Output must consist only of the lines of the material below from the one with "哈兰德此前在社交媒体晒出自己" through the one with "A similar study", each reproduced exactly; no pictures belong in it.
START MATERIAL FOR THE TASK
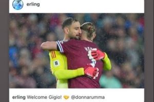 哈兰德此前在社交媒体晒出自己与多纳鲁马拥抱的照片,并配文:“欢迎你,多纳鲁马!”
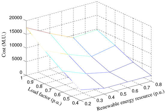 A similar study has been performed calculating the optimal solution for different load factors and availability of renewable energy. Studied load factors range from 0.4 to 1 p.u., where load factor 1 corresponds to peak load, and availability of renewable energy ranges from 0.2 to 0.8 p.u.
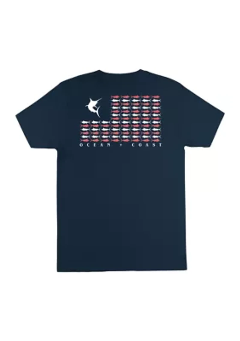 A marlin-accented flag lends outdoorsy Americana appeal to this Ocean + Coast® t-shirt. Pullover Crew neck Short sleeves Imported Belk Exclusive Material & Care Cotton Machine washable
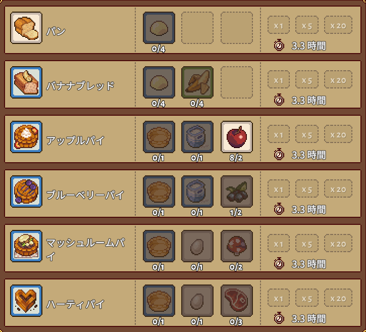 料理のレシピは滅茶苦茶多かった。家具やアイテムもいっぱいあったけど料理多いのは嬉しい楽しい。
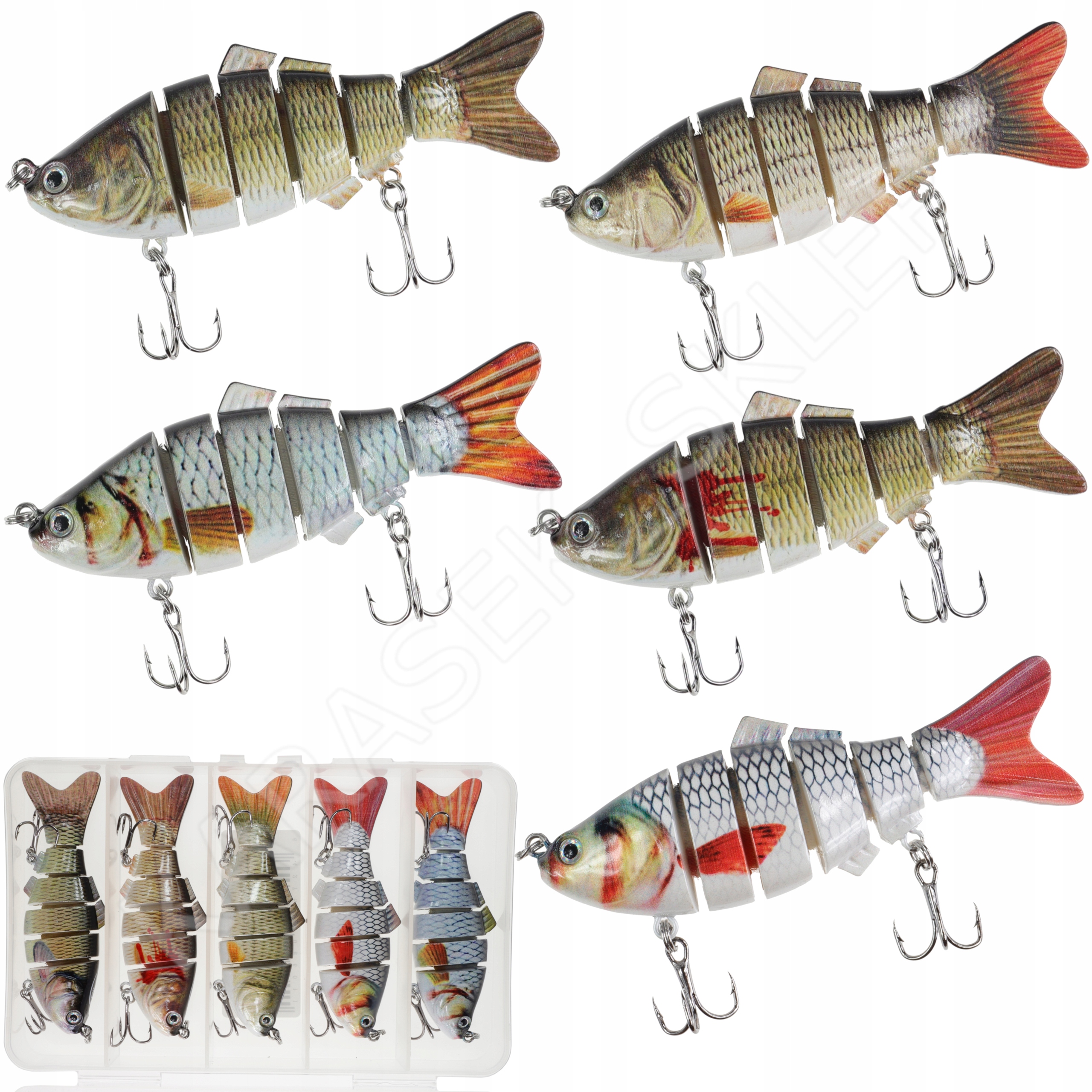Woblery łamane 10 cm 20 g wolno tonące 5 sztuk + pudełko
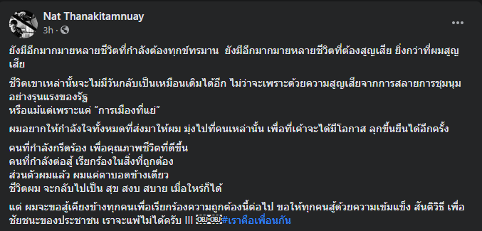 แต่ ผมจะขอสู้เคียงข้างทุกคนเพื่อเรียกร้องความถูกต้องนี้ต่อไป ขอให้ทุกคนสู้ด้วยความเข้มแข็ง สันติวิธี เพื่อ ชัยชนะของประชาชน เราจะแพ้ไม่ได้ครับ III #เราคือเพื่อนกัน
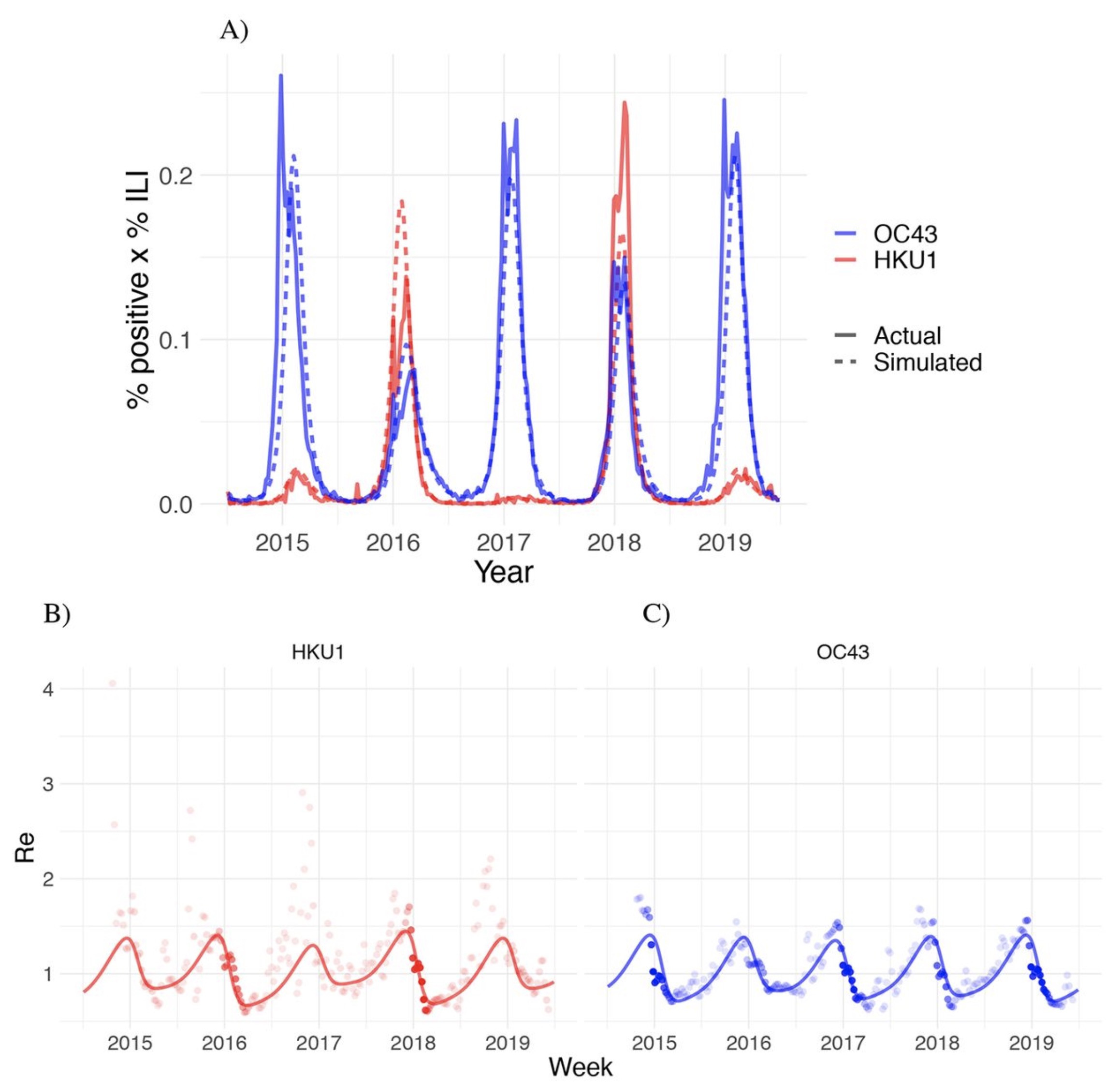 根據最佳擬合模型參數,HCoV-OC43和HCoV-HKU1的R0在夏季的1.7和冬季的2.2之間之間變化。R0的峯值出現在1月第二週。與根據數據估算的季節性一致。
END MATERIAL FOR THE TASK
START MATERIAL FOR THE TASK
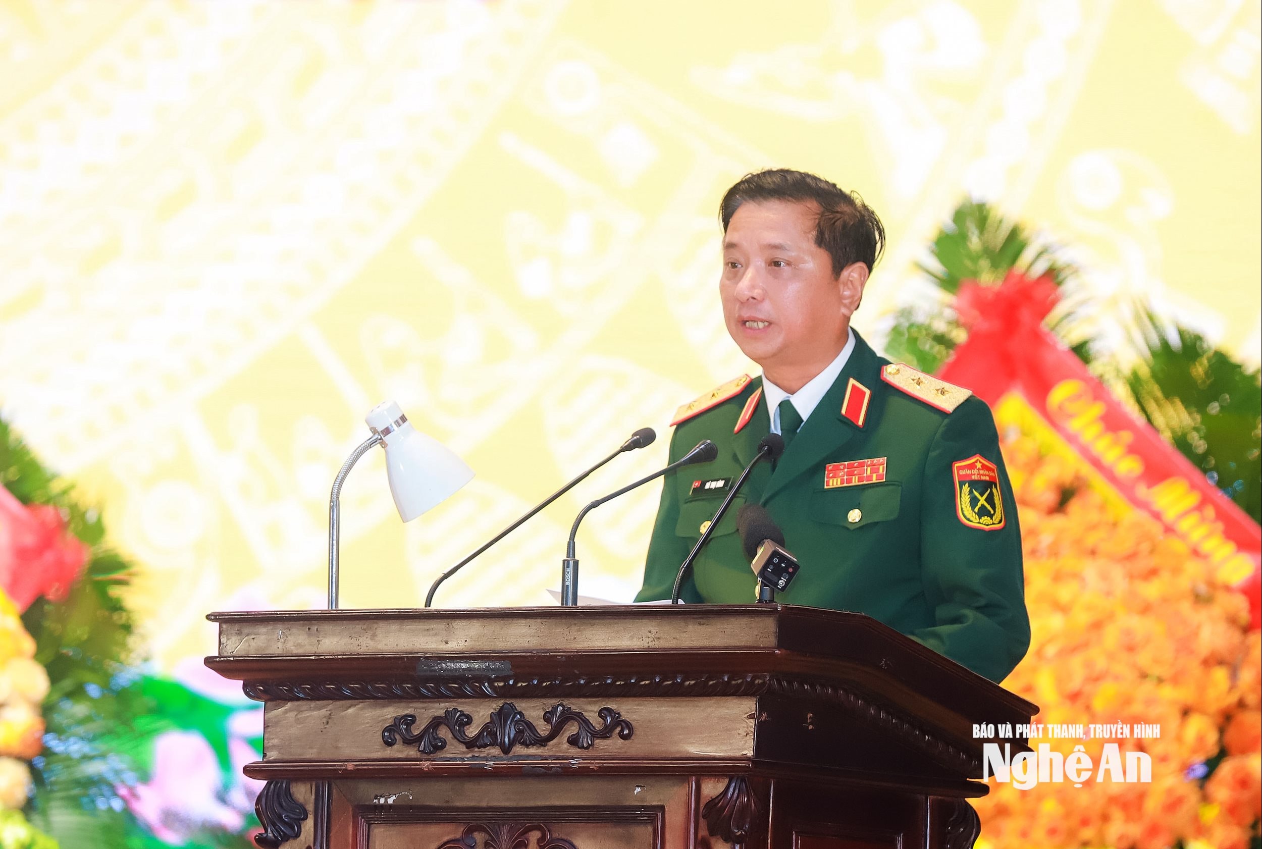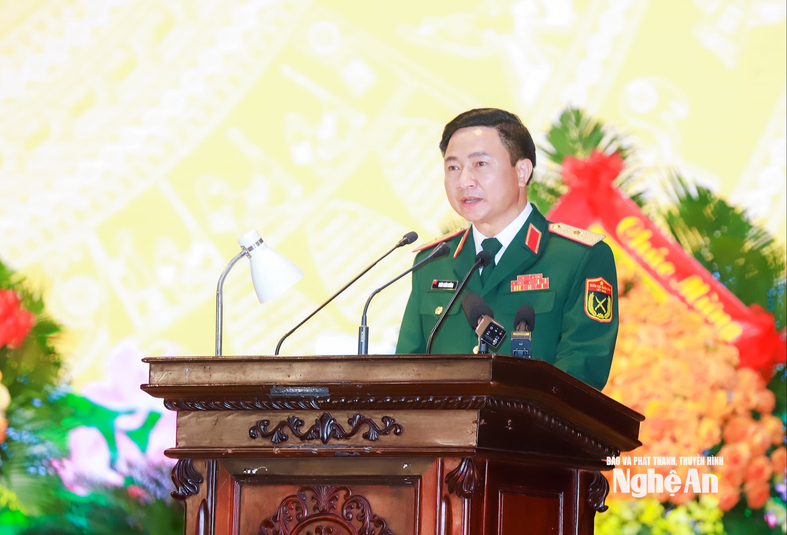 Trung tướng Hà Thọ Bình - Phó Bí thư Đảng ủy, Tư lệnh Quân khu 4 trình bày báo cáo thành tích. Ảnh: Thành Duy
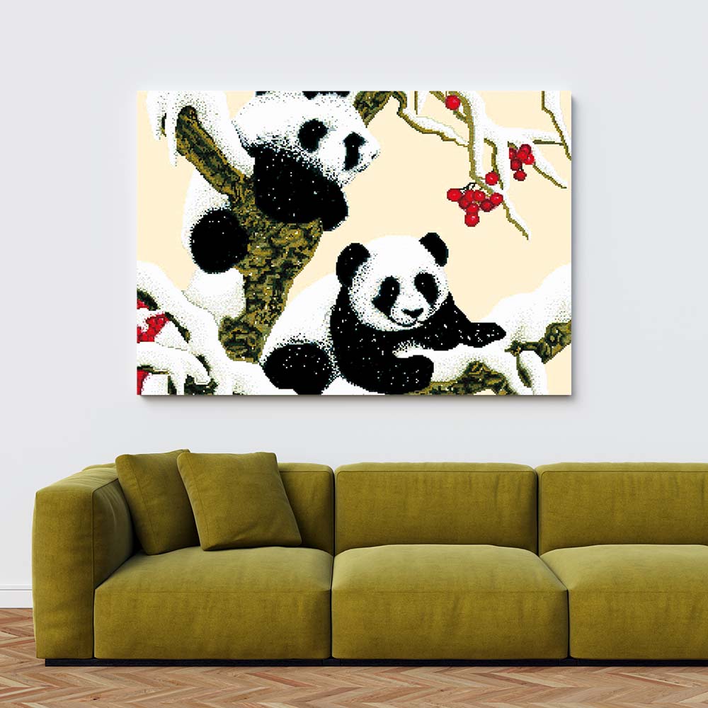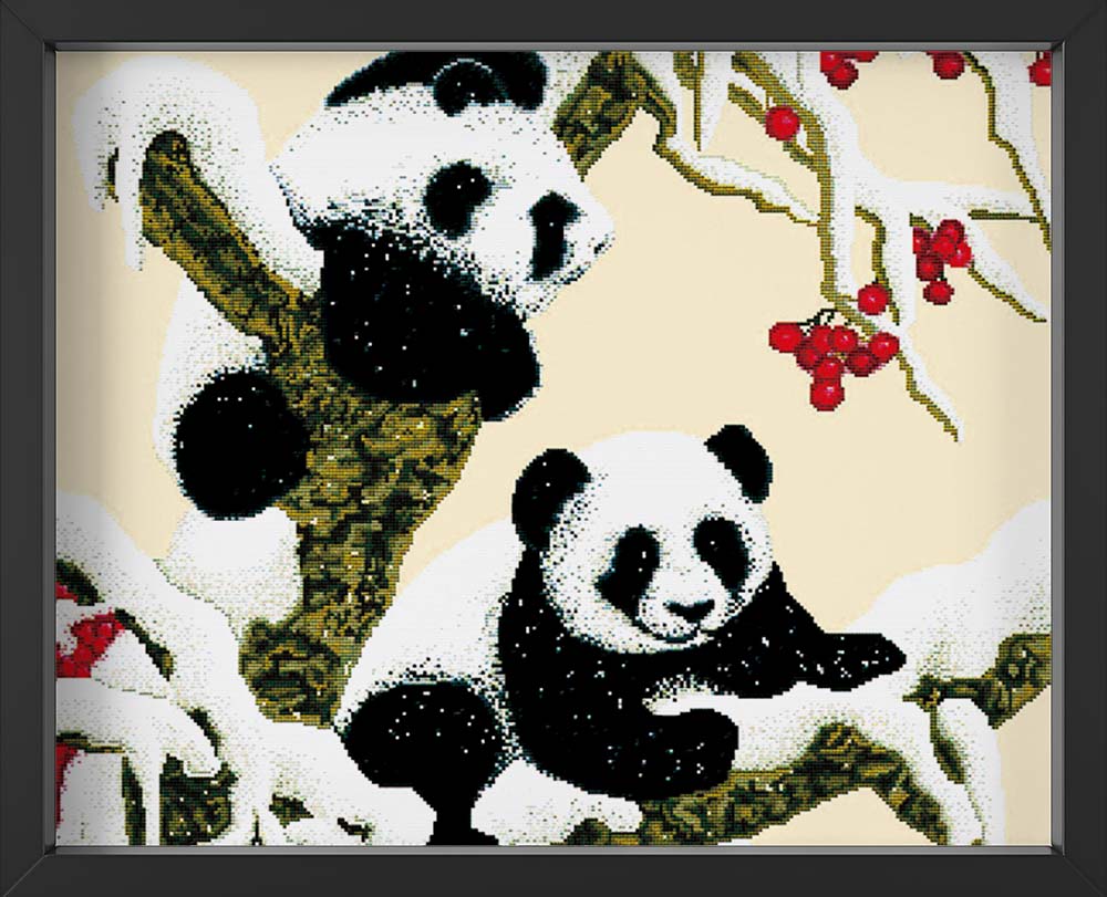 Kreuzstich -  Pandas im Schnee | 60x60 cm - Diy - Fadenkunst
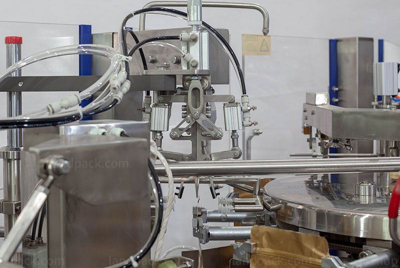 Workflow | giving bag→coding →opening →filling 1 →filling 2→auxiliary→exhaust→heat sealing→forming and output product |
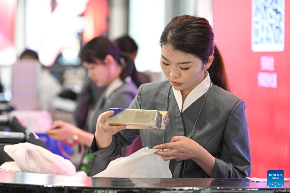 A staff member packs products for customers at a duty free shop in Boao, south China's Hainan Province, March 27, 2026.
END MATERIAL FOR THE TASK
START MATERIAL FOR THE TASK
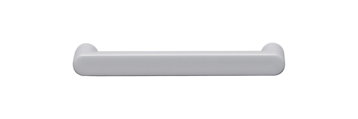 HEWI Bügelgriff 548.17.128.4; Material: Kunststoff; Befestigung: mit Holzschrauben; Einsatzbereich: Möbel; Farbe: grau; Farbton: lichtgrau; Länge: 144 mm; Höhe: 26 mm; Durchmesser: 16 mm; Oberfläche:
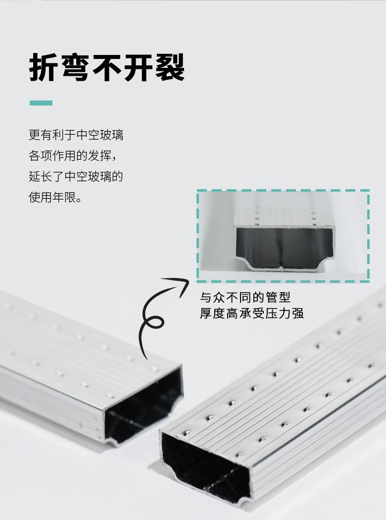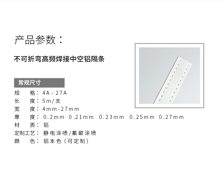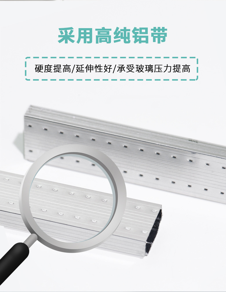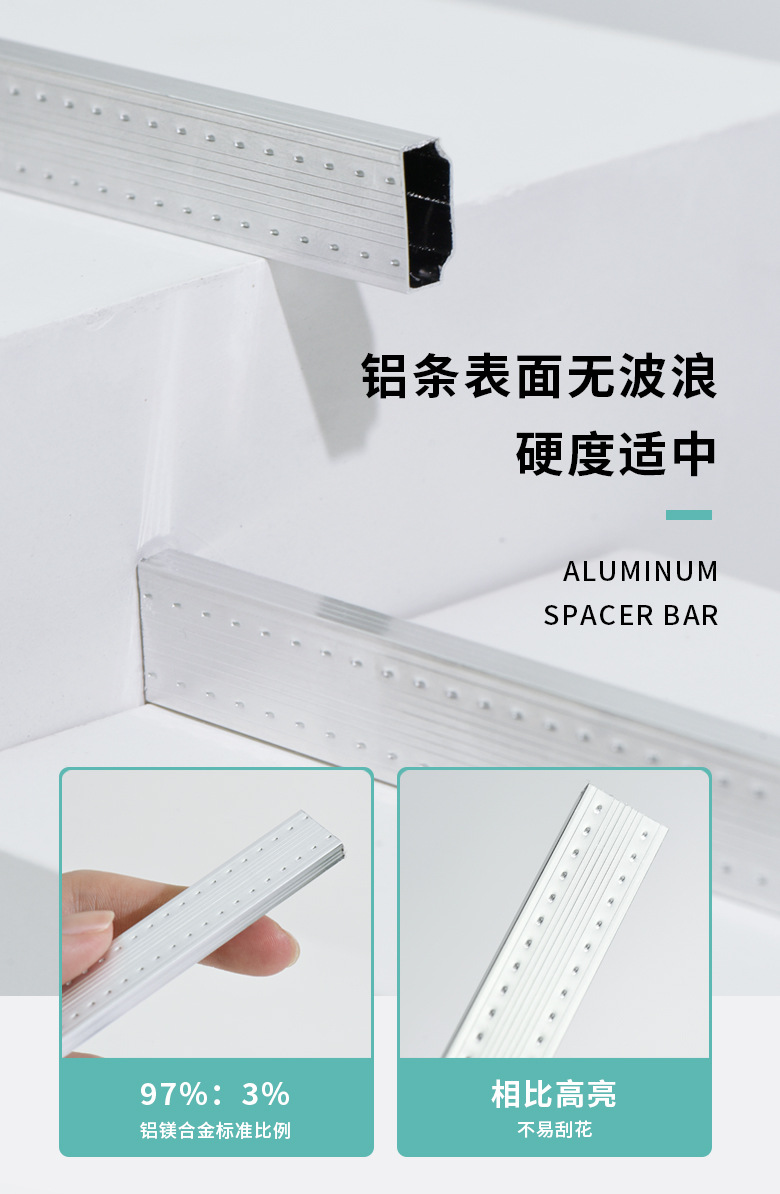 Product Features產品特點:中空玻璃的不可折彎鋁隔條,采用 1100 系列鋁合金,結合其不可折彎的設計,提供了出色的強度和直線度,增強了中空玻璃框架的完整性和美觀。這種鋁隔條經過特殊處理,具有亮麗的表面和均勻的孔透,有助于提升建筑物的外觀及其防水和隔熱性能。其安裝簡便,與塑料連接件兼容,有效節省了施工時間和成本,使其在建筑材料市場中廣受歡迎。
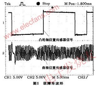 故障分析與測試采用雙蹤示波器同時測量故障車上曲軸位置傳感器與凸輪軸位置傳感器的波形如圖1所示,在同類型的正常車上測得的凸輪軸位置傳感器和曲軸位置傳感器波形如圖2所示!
END MATERIAL FOR THE TASK
RESULT OF THE EXERCISE:
 哈兰德此前在社交媒体晒出自己与多纳鲁马拥抱的照片,并配文:“欢迎你,多纳鲁马!”
 A similar study has been performed calculating the optimal solution for different load factors and availability of renewable energy. Studied load factors range from 0.4 to 1 p.u., where load factor 1 corresponds to peak load, and availability of renewable energy ranges from 0.2 to 0.8 p.u.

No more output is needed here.